Reputation: 3
I am trying to get an output from below dict as a tuple mentioned below-
Input: b = {'a':'1','S1':'OptionA','P1':'100','S2':'', 'P2':'','S3':'OptionB','P3':'80'}
Output : [('OptionA', '100'), ('OptionB', '80')]
i have coded for this like below but i want a shorter method , can anyone please suggest -
import re
b = {'a':'1','S1':'OptionA','P1':'100','S2':'', 'P2':'','S3':'OptionB','P3':'80'}
c =[]
for k,v in b.items():
if k.startswith('S') and v:
for i,j in b.items():
if i.startswith('P') and re.search(r'\d+$', k).group() == re.search(r'\d+$', i).group():
c.append(tuple([v,j]))
print(c)
Upvotes: 0
Views: 140
Reputation: 18697
Maybe with a list comprehension oneliner?
>>> b = {'a':'1','S1':'OptionA','P1':'100','S2':'', 'P2':'','S3':'OptionB','P3':'80'}
>>> [(v, b['P'+k[1:]]) for k,v in b.items() if re.match('^S\d+$',k) and v and 'P'+k[1:] in b]

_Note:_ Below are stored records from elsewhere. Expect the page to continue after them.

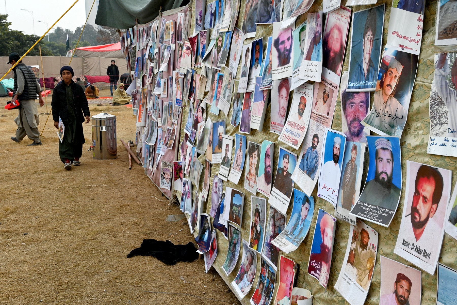 <p class="rteright">اسلام آباد میں 22 جنوری، 2024 کو لاپتہ افراد کے لیے کیے گئے مظاہرے میں ان افراد کی تصاویر لگی دیکھی جا سکتی ہیں (فائل فوٹو/ اے ایف پی)</p>
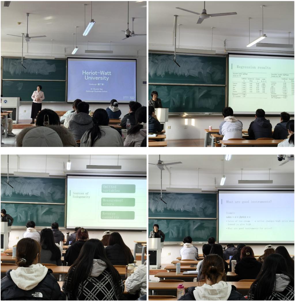 授课期间,高教授围绕计量经济学的核心知识体系,系统讲授了线性回归、多元回归模型、内生性问题的处理方法以及时间序列分析的基本理论与实际应用。课程以收入性别差距的现实数据为切入点,引导学生从具体问题出发,逐步深入模型构建与实证分析全过程。教学过程循序渐进,既有扎实的理论阐释,又紧密结合研究实例,助力学生深化对高级计量方法的理解,提升在保险与金融领域中处理复杂数据的实证能力。
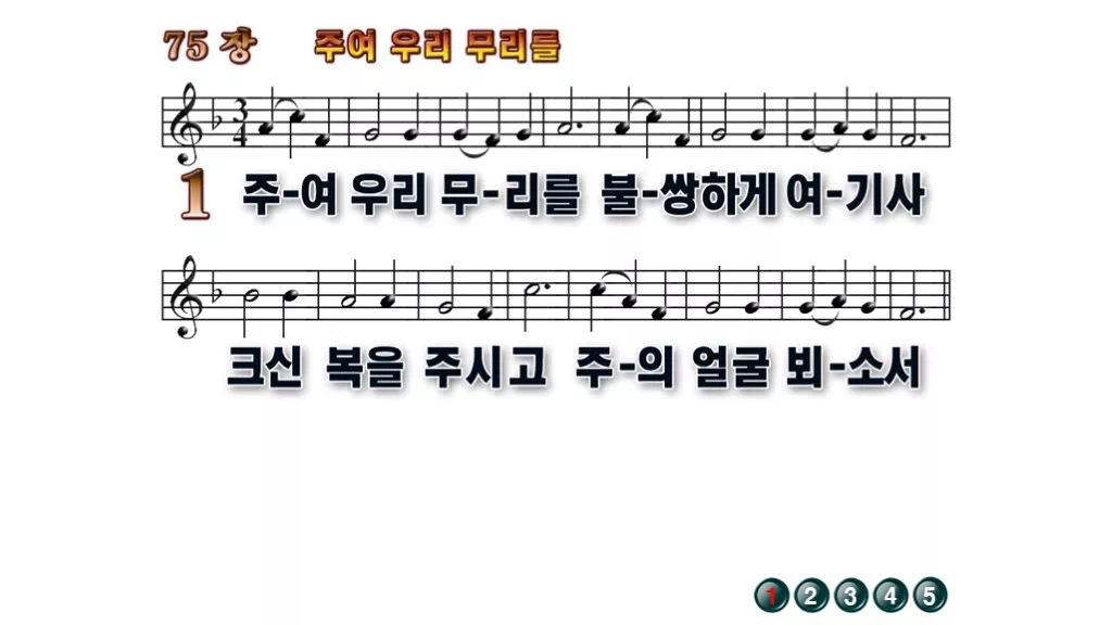 75장 - 주여 우리 무리를 찬송가의 배경없는 PPT 악보입니다.
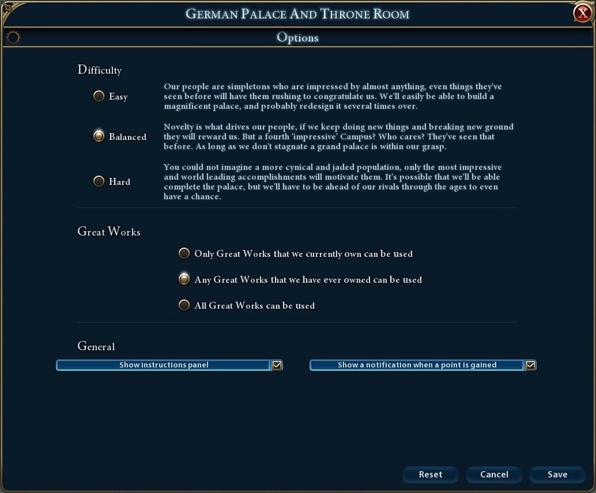 Модификация Thrones and Palaces позволяет игроку зарабатывать очки улучшений, которые можно потратить на преображение тронного зала или дворца. Очки получаются по мере развития цивилизации и зависят от уровня сложности.
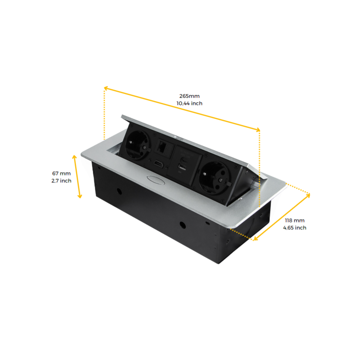 Ha 2 spine Schuko tipo F (EU) con una potenza massima ammissibile fino a 3.000W - 13A, 1 connettore HDMI, 1 porta di rete RJ45 non schermata, 1 connettore USB A e 1 connettore USB C (1x3A, 2x1 . 5A) ricarica rapida e con campo di applicazione di 5V 3A, 9V 2A, 12V 1,5 A.
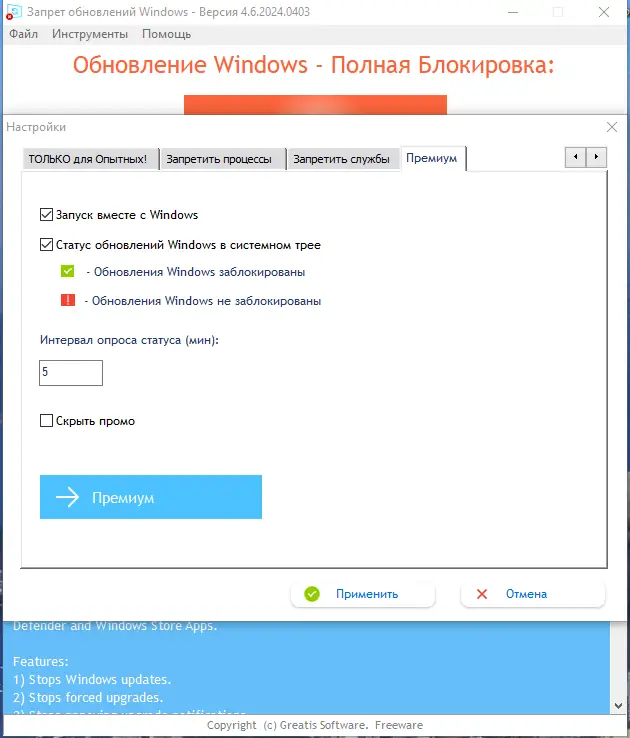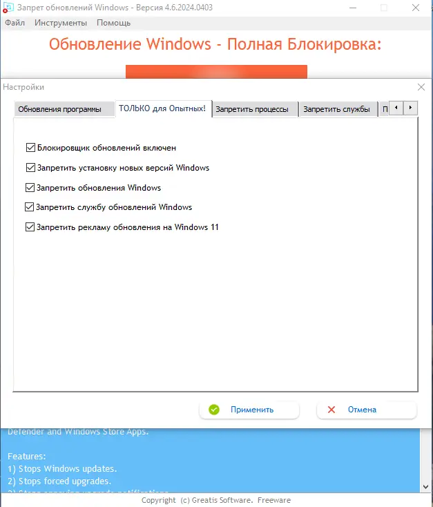 - Выберите необходимые параметры блокировки обновлений и подтвердите операции.

[('OptionB', '80'), ('OptionA', '100')]
Only non-empty values for matching S<digits>
are paired with P<digits>
.
Update for the case from comments. If you need to match Stgy1
with Per1
, the list comprehension solution starts to lose its charm and becomes a bit unreadable. If you can't simplify your pairing criteria, the for
loop is probably a cleaner way to go.
>>> b = {'a':'1','Stgy1':'OptionA','Per1':'100','Stgy2':'', 'Per2':'','Stgy3':'OptionB','Per3':'80'}
>>> [(v, w) for s,v in b.items() for p,w in b.items() if s[0]=='S' and p[0]=='P' and v and w and re.search('\d+$',s).group()==re.search('\d+$',p).group()]

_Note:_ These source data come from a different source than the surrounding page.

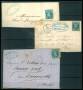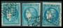 1863-70. Nepoléon III, 20 Centimes, blå. Planche med 3 breve.
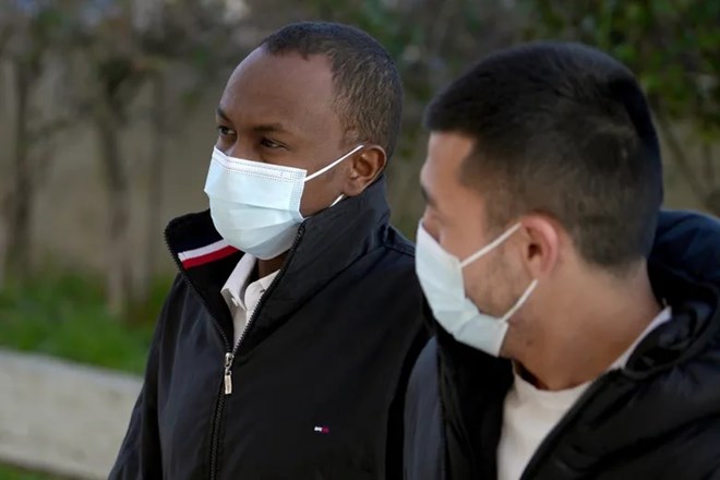 Mohamad Hanad Abdi from Somalia, left, arrives at a court in Mytilene, on the northeastern Aegean island of Lesbos, Greece, Monday, Jan. 9, 2023. The Somali migrant serving life in prison for people smuggling appeared in court Monday to appeal his sentence, in a case backed by a group of European Parliament members who say he was wrongfully convicted. Mohamad Hanad Abdi was sentenced to 142 years in prison in 2021, convicted following a deadly crossing in a dinghy from Turkey to the nearby Greek island of Lesbos the previous year. (AP Photo/Panagiotis Balaskas)
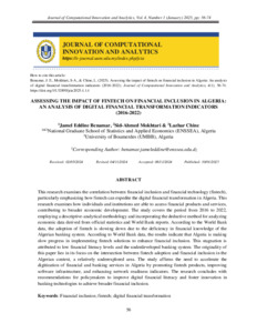 Benamar, Jamel Eddine and Mokhtari, Sid-Ahmed and Chine, Lazhar (2025) Assessing the Impact of Fintech on Financial Inclusion in Algeria: an Analysis of Digital Financial Transformation Indicators (2016-2022). Journal of Computational Innovation and Analytics (JCIA), 4 (1). pp. 56-74. ISSN 2821-3408
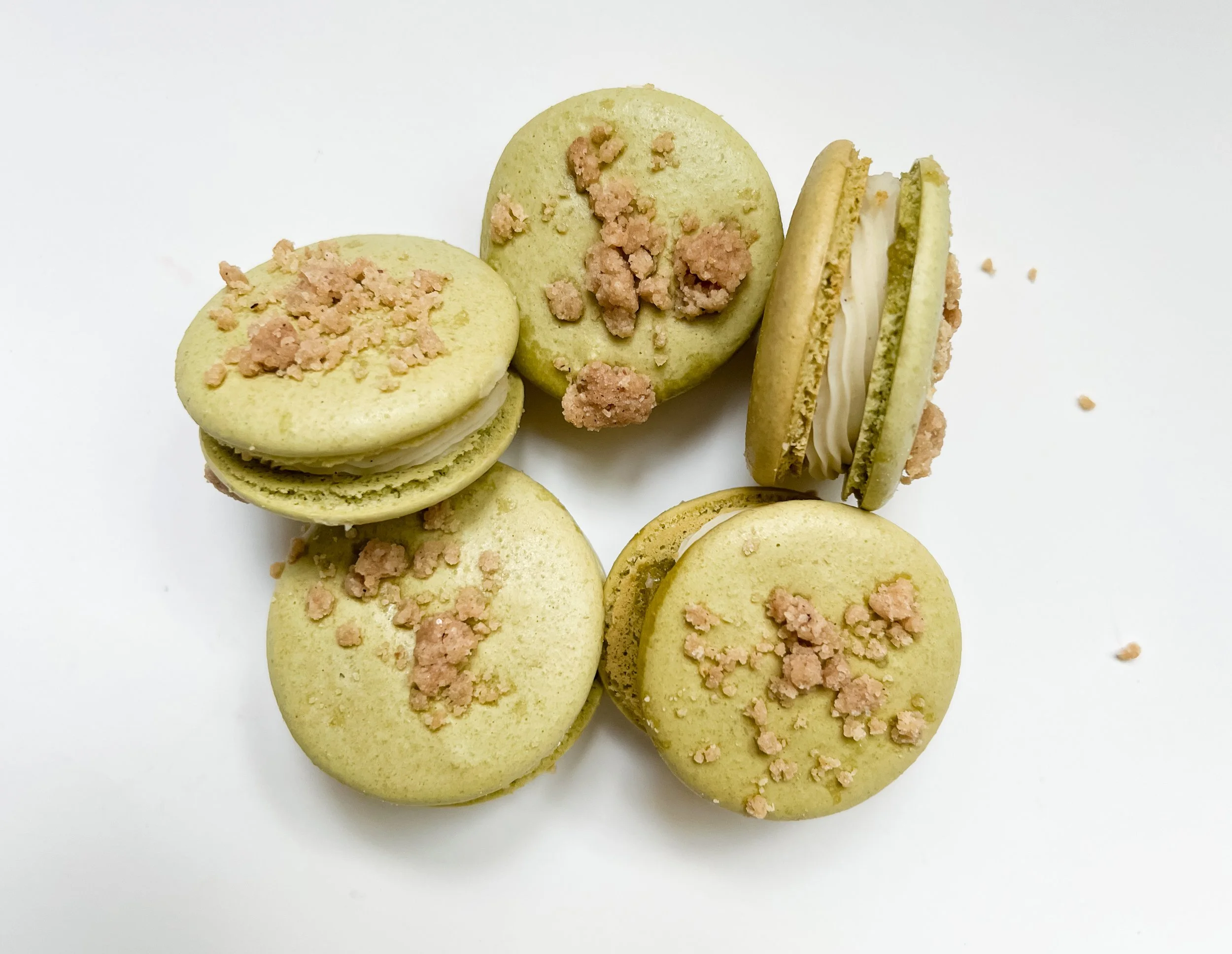 Apple spice flavored macarons, topped with apple cinnamon streusel, filled with vanilla buttercream and apple pie filling. These are really soft due to the apple pie filling, so pick them up carefully!
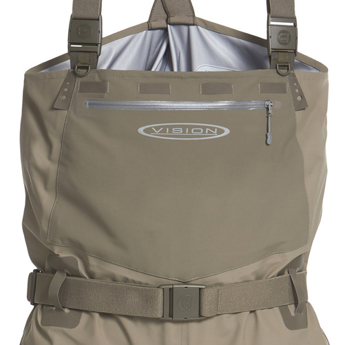 Koski vadarna är tillverkad av ett mjukt och bekvämt vattentätt 4-lagers andningsbart F4™ tyg. Från låren och ner så har vadarna ett kraftigare material. Den stora framfickan är vattenavstötande och har en YKK AquaGuard dragkedja. Det finns tillbehörsfästen på båda sidor av fickan så att du kan fästa många användbara verktyg. Du får även med en vattentät TPU-ficka som är avtagbar och perfekt för din telefon och bilnycklar. TPU-fickan kan enkelt fästas på vadarna (se bild).

[('OptionB', '80'), ('OptionA', '100')]
Upvotes: 0
Reputation: 531808
I would just use exception handling to ignore keys that don't fit your pattern:
c = []
for k, v in b.items():
if not k.startswith('S') or not v:
continue
new_key = v
try:
n = int(k[1:])
new_value = b['P%d' % (n,)]
except KeyError, ValueError:
continue
c.append((new_key, new_value))
Having fewer lines doesn't necessarily improve your code.